### DATA PROVIDED
────
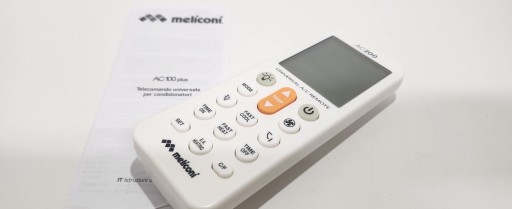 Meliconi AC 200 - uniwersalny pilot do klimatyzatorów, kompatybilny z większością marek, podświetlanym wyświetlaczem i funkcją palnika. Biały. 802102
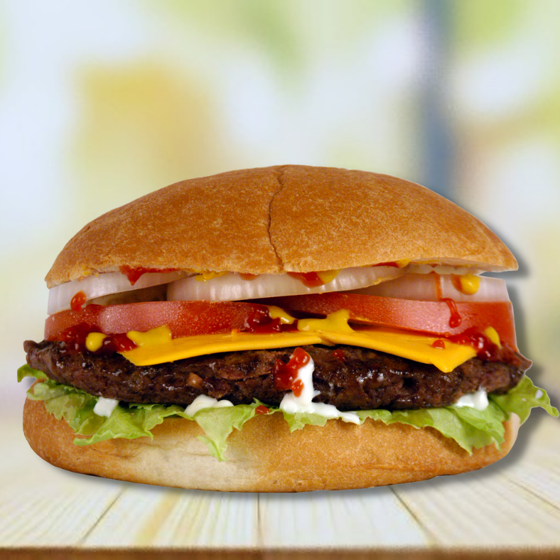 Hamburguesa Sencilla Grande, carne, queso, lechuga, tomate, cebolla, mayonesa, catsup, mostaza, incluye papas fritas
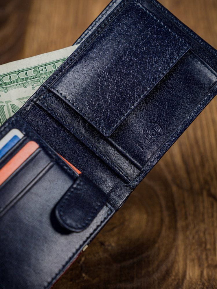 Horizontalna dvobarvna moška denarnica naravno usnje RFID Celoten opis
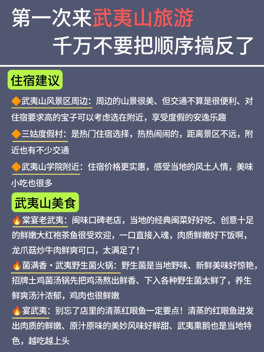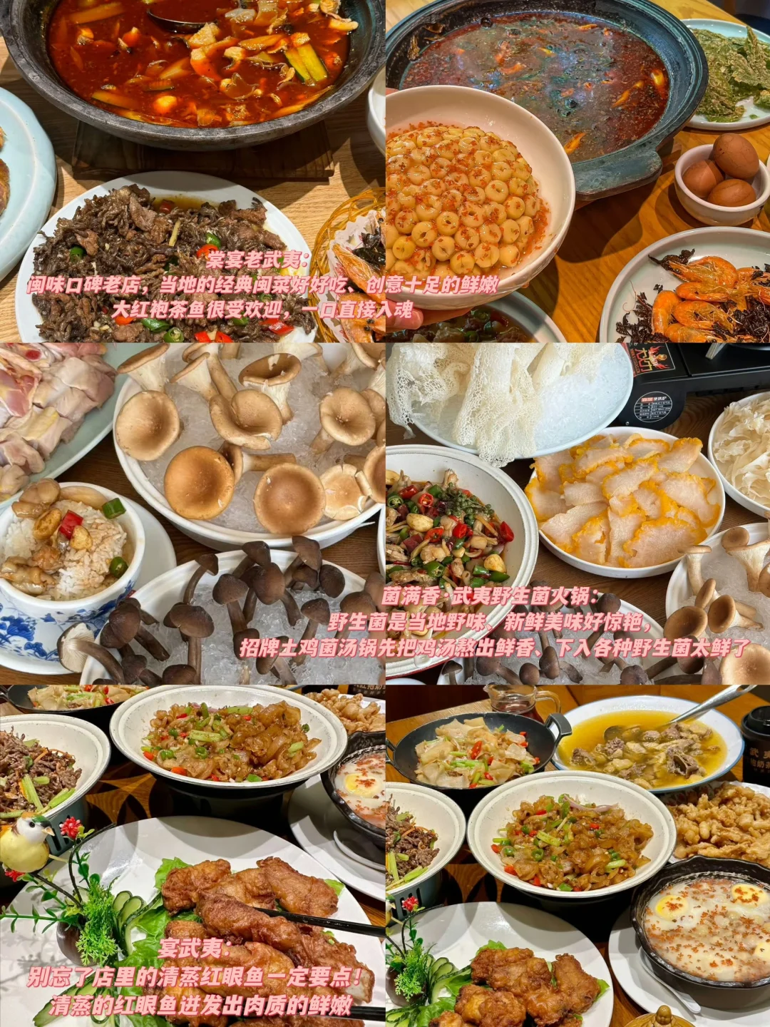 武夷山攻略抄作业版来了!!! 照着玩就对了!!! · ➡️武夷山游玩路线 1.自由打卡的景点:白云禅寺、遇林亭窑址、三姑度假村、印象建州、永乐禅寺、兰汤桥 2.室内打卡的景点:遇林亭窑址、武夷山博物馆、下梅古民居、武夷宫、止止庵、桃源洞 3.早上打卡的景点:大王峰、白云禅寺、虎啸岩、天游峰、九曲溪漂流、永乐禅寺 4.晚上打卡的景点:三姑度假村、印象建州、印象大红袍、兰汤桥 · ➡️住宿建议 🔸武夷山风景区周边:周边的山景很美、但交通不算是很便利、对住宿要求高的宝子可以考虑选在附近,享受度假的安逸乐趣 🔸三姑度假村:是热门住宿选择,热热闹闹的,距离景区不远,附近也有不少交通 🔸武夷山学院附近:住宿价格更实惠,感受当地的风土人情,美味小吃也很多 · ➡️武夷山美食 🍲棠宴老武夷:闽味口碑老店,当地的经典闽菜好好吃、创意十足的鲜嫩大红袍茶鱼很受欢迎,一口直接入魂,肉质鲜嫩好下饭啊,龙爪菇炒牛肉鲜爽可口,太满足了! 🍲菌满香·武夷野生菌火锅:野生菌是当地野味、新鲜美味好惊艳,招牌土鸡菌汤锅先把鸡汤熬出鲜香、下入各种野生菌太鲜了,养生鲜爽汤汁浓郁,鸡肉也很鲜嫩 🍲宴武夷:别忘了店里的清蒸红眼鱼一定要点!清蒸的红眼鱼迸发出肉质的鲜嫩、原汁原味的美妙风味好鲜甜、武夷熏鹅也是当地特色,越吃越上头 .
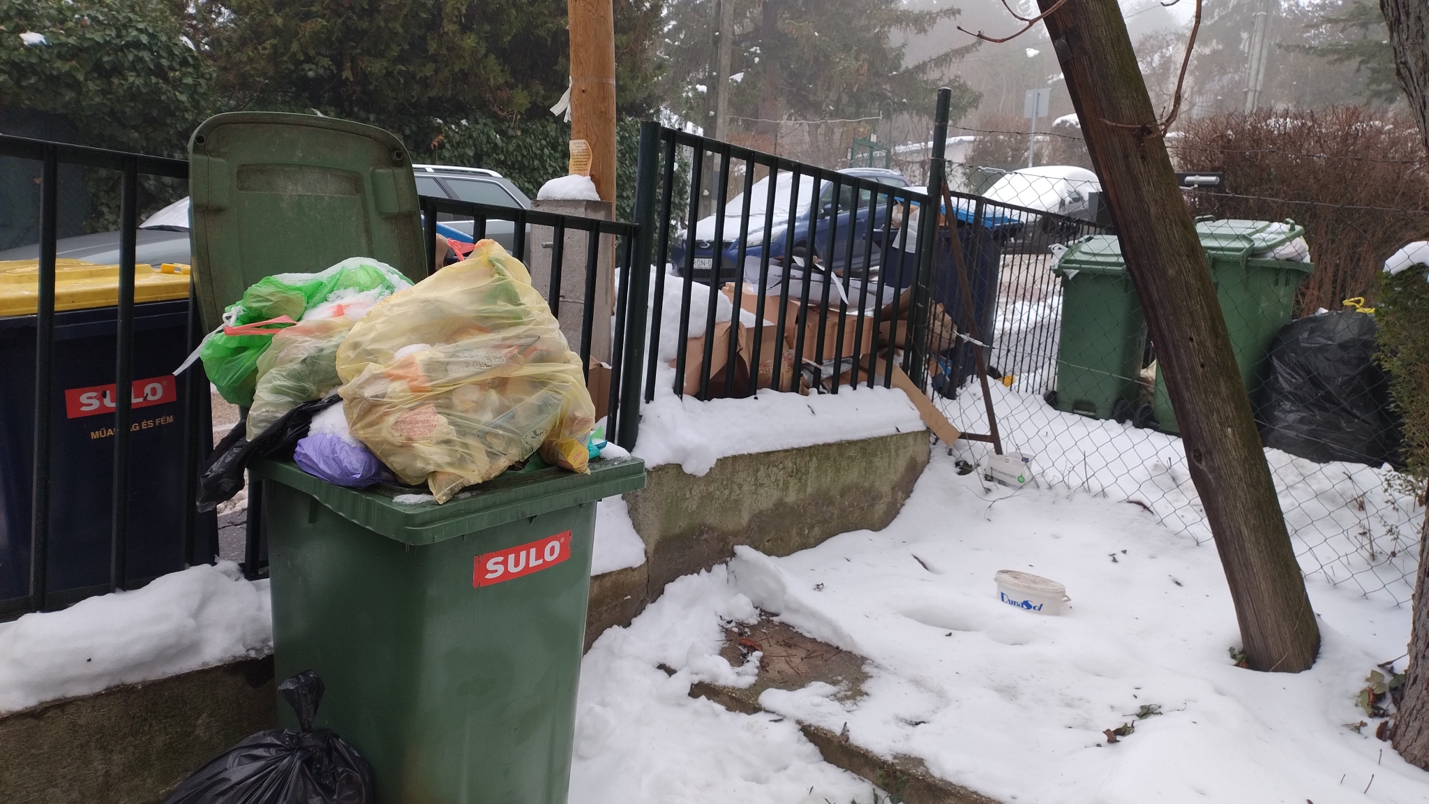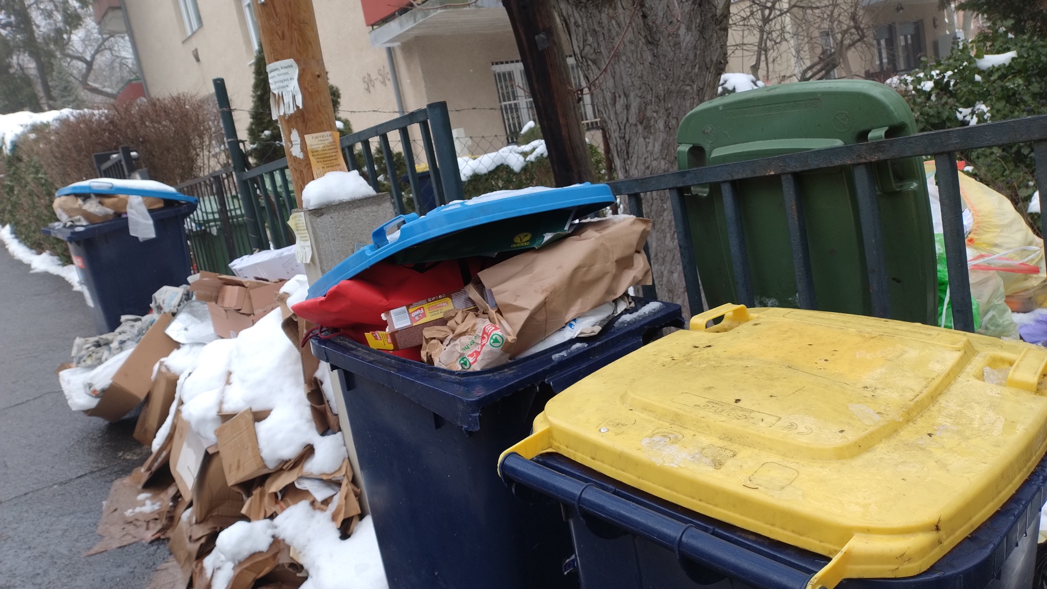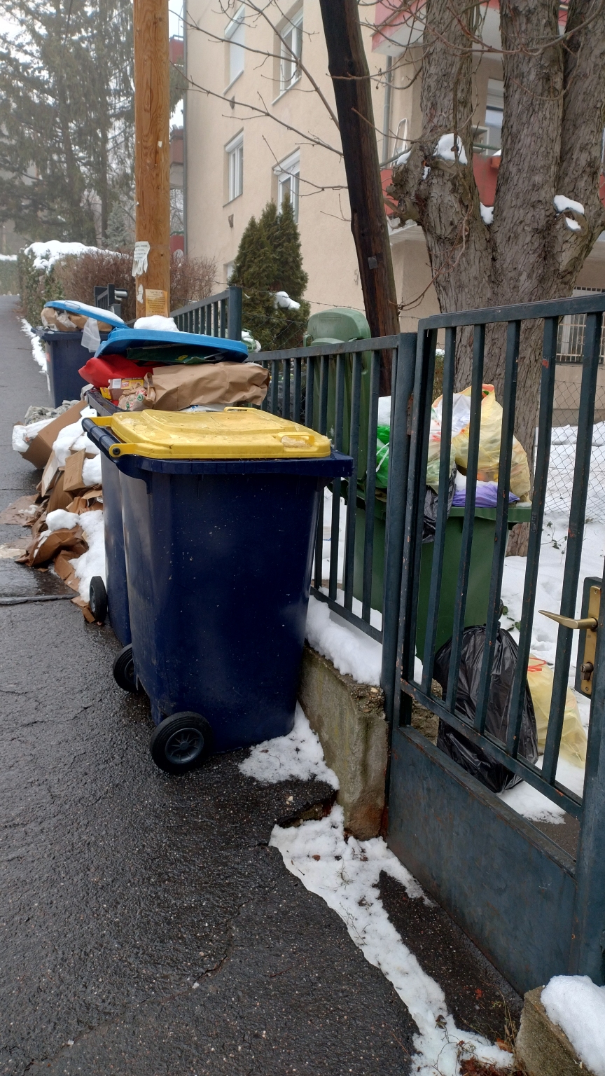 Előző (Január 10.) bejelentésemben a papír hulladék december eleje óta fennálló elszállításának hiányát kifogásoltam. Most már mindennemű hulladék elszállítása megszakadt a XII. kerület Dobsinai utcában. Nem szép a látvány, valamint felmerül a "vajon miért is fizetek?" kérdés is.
────
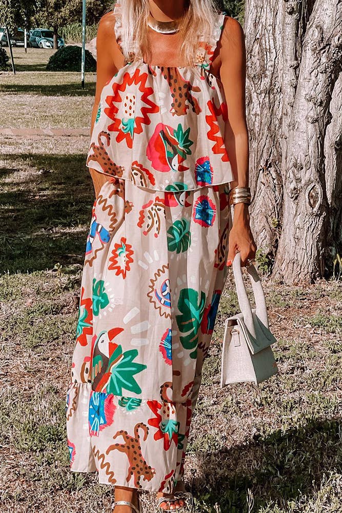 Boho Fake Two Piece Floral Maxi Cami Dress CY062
────
### WHAT YOU HAVE TO DO
Only one stretch of the material above is wanted: the line containing "Meliconi AC 200" through the line containing "Horizontalna dvobarvna moška". Restate it word for word, minus the pictures.

### OUTPUT OF THE TASK
 Meliconi AC 200 - uniwersalny pilot do klimatyzatorów, kompatybilny z większością marek, podświetlanym wyświetlaczem i funkcją palnika. Biały. 802102
 Hamburguesa Sencilla Grande, carne, queso, lechuga, tomate, cebolla, mayonesa, catsup, mostaza, incluye papas fritas
 Horizontalna dvobarvna moška denarnica naravno usnje RFID Celoten opis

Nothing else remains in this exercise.